一方でIntel・AMDのx86系はパワーのあるCPUの稼働率で調整するか、パワーのないCPUを複数搭載してごまかすの2択しか採用していませんでした(特に旧来のCore iシリーズのHKとかは顕著な仕様)
この状況を打破するために投入されたのが「Lakefield」となるわけですね。
x86系における史上初のbig.LITTLEであり、そののちのAlderLakeにて完成したのを見ればわかる通り、マルチコアのあり方を変えたCPUといえるでしょう。
4.一方のAMDはというと
現状、この方式はIntelのみでしか採用されていません。
そもそも、AMDはこういった分野で思いっきり戦う気はなく、無論Zenシリーズの高効率化は進めていてもこうしたハイブリッド方式には現段階では興味がないようです。
まあそれに関しては、Zenシリーズがワークステーション向けCPUをメインストリーム帯に落とすことが目的に開発されたのもあり、いつかは採用されることはあっても直ちに採用されることはないとは思います。
とはいえ、今後も比較対象にあることは変わらないでしょうし、双方意識してるところはあるので、動向をチェックしておくに越したことはないでしょう。
5.さいごに
ちなみに、LakefieldはAlderLakeよりも技術的なレベルが高いCPUであり、CPU・GPUに加えてRAMも同じ部分に積層しているという構造になっています。

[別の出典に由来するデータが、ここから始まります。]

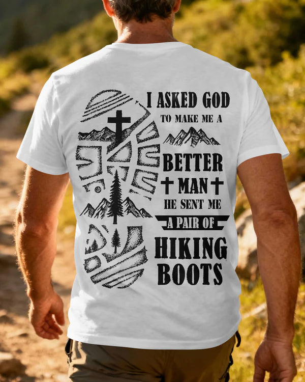 BlueJose I Asked God To Make Me A Better Man He Sent Me A Pair Of Hiking Boots Personalized Hiking 3D Shirt - White

これはSOCとしての機能の集約においては非常に重要なことであり、既存の縦に積むメモリ技術であるHBMとかとも相性の良い技術であると私は考えています。
もしかすると、ちょっとした未来のCPUにはiGPU向けやCPUキャッシュ用にHBMを積んだCPUが生まれてくるのかもしれません(すでにAMDが3D Cacheとして実現しているものの別アプローチと考えていただければ)。
もっとも、Lakefield自体は最初で最後の世代となってしまったため、その技術が再び日の目を見るのはかなり先になってしまうのかもしれません。

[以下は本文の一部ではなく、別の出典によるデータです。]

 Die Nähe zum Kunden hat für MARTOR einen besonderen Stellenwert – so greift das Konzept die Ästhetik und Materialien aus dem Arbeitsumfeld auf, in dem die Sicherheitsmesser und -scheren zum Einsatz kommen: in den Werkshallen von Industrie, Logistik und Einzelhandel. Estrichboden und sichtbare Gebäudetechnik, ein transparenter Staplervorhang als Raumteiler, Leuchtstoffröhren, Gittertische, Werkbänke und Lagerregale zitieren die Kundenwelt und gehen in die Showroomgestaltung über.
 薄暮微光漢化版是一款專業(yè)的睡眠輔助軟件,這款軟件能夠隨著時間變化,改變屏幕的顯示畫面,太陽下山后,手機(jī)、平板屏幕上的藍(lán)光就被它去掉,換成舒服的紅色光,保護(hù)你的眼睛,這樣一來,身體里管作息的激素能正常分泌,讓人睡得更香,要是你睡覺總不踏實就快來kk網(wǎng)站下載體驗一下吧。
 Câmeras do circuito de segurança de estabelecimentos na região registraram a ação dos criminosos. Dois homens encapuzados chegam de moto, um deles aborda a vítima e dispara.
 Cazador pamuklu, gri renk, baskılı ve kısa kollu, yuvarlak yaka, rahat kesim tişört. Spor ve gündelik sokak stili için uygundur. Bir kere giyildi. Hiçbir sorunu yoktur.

現在、またしも微細化に黄信号が灯っているIntelですが、こうしたアプローチで新たな形を提供してくれるのを期待しつつ締めとさせていただきます。
余談ですが、AlderLakeのモバイル向けCeleronにその生き残りっぽいCPUがいます。
その名はCeleron 7305(と7305E)。コア構成・スレッド数も全く同じCPUですね。
ワンランク上のPentiumはHTTが有効化されてるのでコア数が同じでもスレッド数が違います。